_Your objective_:
In the data that follows, find the line with "Spread the apple"; transcribe it, every later line up to the one with "图2:央视微博上关于鉴别是否被蹭网和查看路由连接设备的技巧", and that line as well, exactly and with no others.

_Data section_:
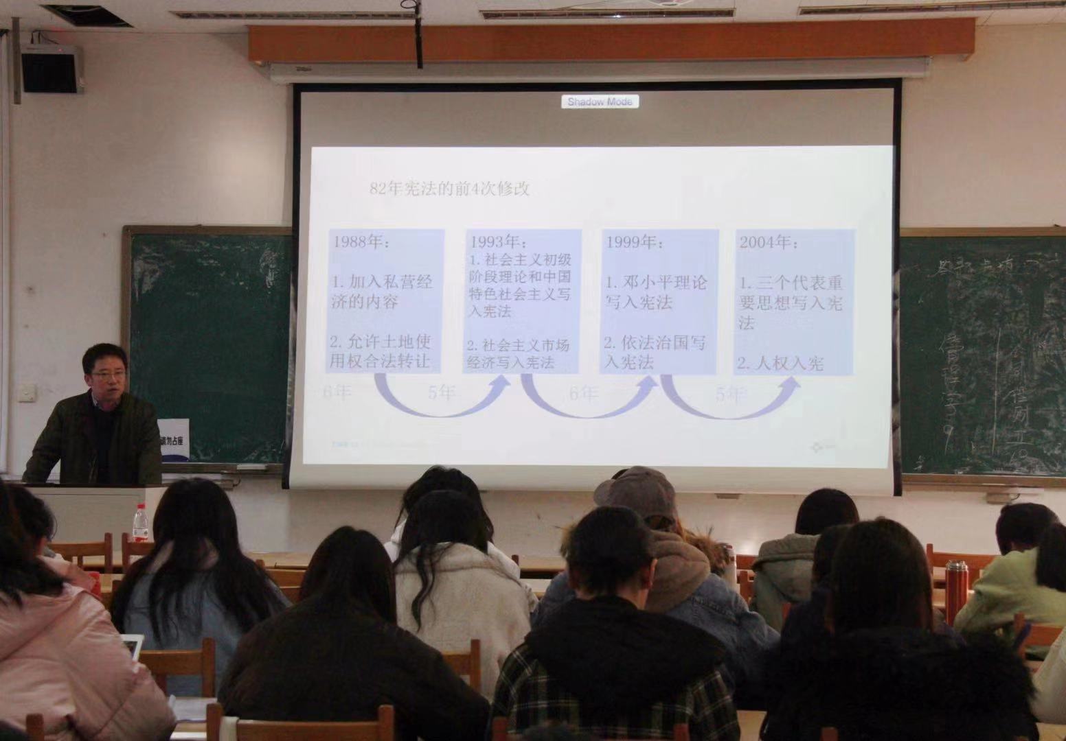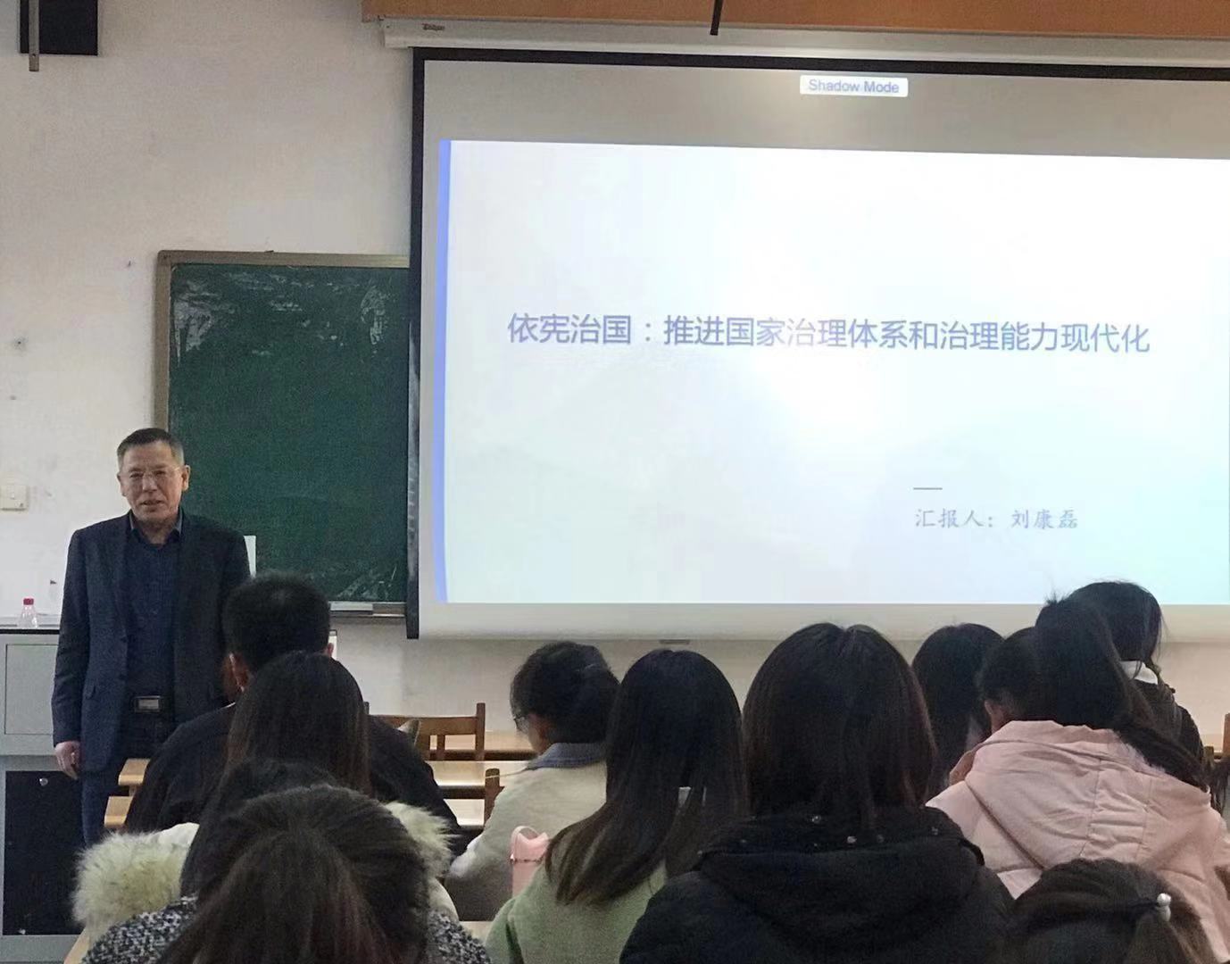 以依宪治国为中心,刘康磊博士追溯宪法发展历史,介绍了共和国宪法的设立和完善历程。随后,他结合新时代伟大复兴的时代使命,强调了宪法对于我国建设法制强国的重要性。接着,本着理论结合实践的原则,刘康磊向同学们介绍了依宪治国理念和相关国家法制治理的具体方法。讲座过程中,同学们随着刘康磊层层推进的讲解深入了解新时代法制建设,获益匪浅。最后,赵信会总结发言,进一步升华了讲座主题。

---

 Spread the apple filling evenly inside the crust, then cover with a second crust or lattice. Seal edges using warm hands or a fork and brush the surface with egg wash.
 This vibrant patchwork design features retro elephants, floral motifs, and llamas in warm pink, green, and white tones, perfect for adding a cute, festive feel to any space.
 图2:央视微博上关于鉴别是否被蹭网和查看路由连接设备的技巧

---

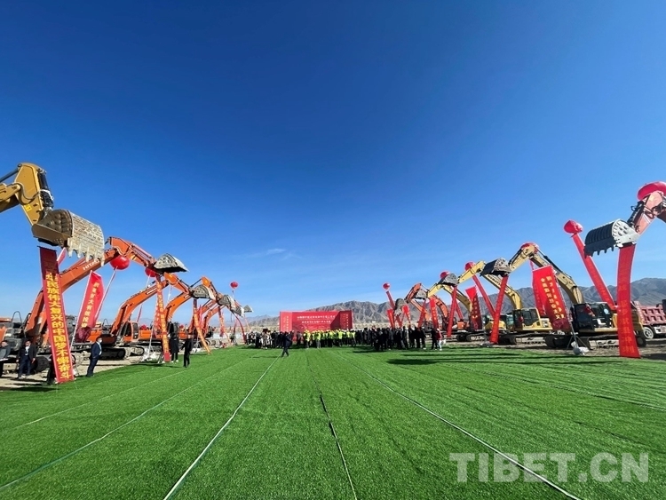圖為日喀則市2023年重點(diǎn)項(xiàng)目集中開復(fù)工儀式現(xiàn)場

_Written solution_:
 Spread the apple filling evenly inside the crust, then cover with a second crust or lattice. Seal edges using warm hands or a fork and brush the surface with egg wash.
 This vibrant patchwork design features retro elephants, floral motifs, and llamas in warm pink, green, and white tones, perfect for adding a cute, festive feel to any space.
 图2:央视微博上关于鉴别是否被蹭网和查看路由连接设备的技巧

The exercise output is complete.